3.3. Carbon effect on phosphorous mobilization Modelling and experimental evidences have suggested that P limitation for plant growth is derived from the P supply to the root surface, rather than the P uptake capacity of the root (Richardson et al., 2009). Root exudation is an important strategy for plants to increase access to P (Fig. 1, Tawaraya et al., 1998; Zou et al., 2018). Organic acids are released to the rhizosphere by many species when facing P starvation, including rice (Bhattacharyya et al., 2013; Li et al., 2006; Tawaraya et al., 2018). These acids significantly decrease the rhizosphere pH (Kirk et al., 1999; Zhang, Huang, Ye et al., 2009) and change the surface characteristics of soil minerals (Bhattacharyya and Datta, 2004), which extract P from the precipitated and adsorbed forms (Bhattacharyya et al., 2013). In addition, root exudation regulates the activity of pqq promoter in phosphate-solubilizing bacteria (Luduena et al., 2017).

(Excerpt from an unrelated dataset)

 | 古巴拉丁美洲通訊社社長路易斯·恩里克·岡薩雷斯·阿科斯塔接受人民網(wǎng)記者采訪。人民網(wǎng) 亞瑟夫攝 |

A previous study revealed different utilization rates of root C by solubilizing microorganisms under low and high P conditions in the rice rhizosphere, which indicated an intricate microbial mechanism of the C and P coupling process (Long et al., 2018b). The quality and quantity of soil C resource strongly affects the phoD that harbors microbial community and phosphatase activities (Heuck et al., 2015; Loeppmann et al., 2016; Luo et al., 2017). “Rhizosphere effect” leads to significantly higher activity of alkaline phosphatases in the vicinity of rice roots (Ge et al., 2017a; Li et al., 2008), probably due to the stimulation of root exudate C on microorganisms responding to organic P mineralization (Spohn et al., 2013; Yuan et al., 2018).

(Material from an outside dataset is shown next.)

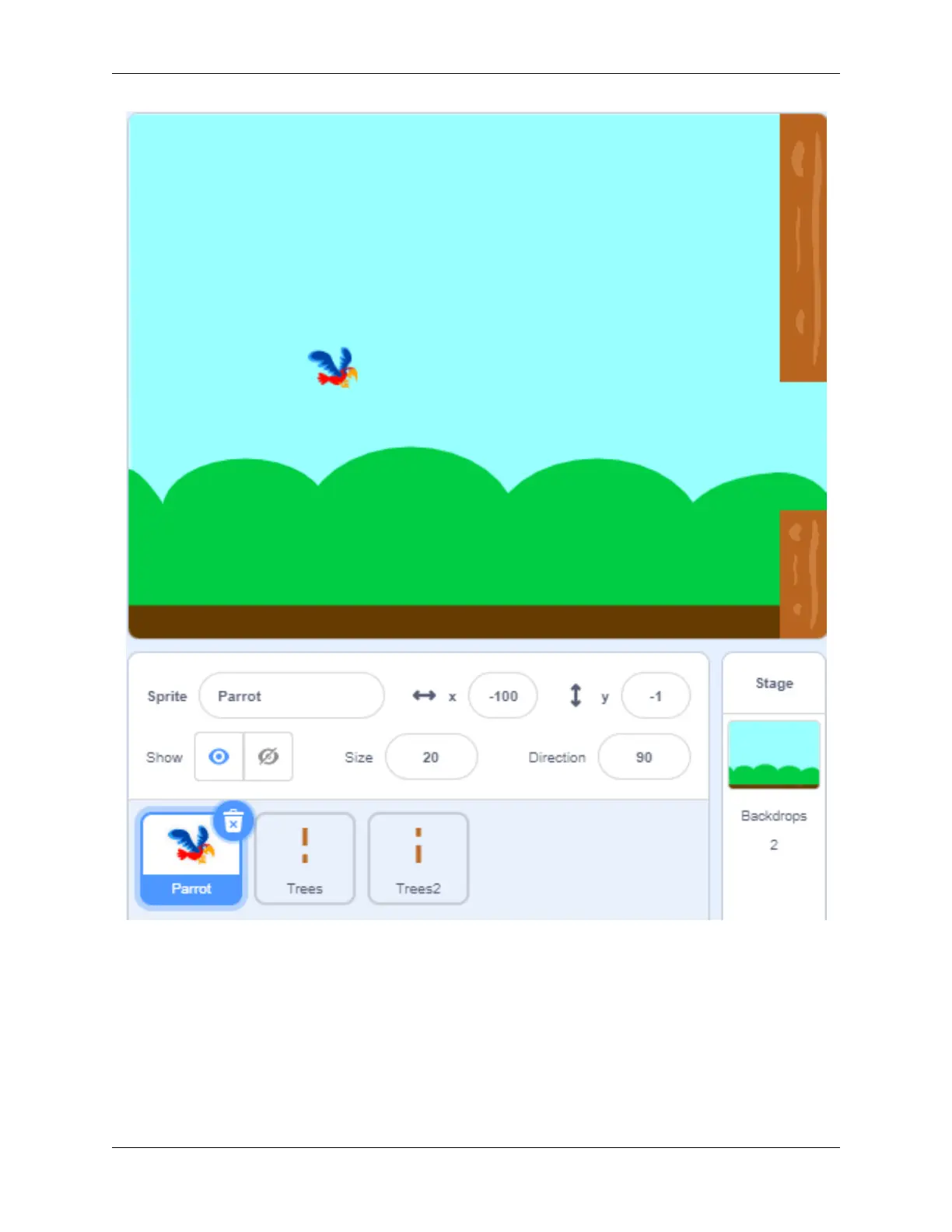 Parrot stayed still, and the Trees and Trees2 sprites kept moving to the left, so it looked like the Parrot sprites were

4.2. Anaerobic ammonia oxidation coupled with Fe(III) Reduction A unique NH3 oxidation pathway coupled with the reduction of ferric minerals (Feammox) when O2 is limited has been investigated in recent years (Fig. 1, Clément et al., 2005; Park et al., 2008). This process is critical for the N cycle in submerged soils and sediments (Clément et al., 2005; Huang et al., 2016) and was first detected in paddy soil by Ding et al. (2014). At least three different Feammox pathways are conducted by different microorganisms, generating NO2−, NO3−, or N2 as the terminal product (Clément et al., 2005; Yang et al., 2012). Direct N2 production is the main pathway of Feammox (Ding et al., 2014; Yang et al., 2012). Feammox leads to a gas N loss of 7.8−61 kg N ha−1 year−1 in paddy soil as estimated by N2 emission (Ding et al., 2014). This magnitude is comparable to the contribution of amminox and denitrification (Ju et al., 2009; Zhu et al., 2011). The Feammox rate is strongly dependent on the reduction rate of Fe3+ (Ding et al., 2014; Zhou et al., 2016). As described in Section 2.3, due to the lack of substrate in the bulk soil, the abundance and activity of Fereducing microorganism are significantly high in the rhizosphere (Weiss et al., 2004; Tian et al., 2015). Therefore, Feammox in paddy soil is speculated to primarily occur close to the rice root. Studies have suggested that the Feammox reaction is conducted by dissimilatory Fereducing microorganisms (Clément et al., 2005; Shuai and Jaffe, 2019), and the Fe reduction rate is stimulated by NH4+-based fertilization in the rice rhizosphere (Benckiser et al., 1984).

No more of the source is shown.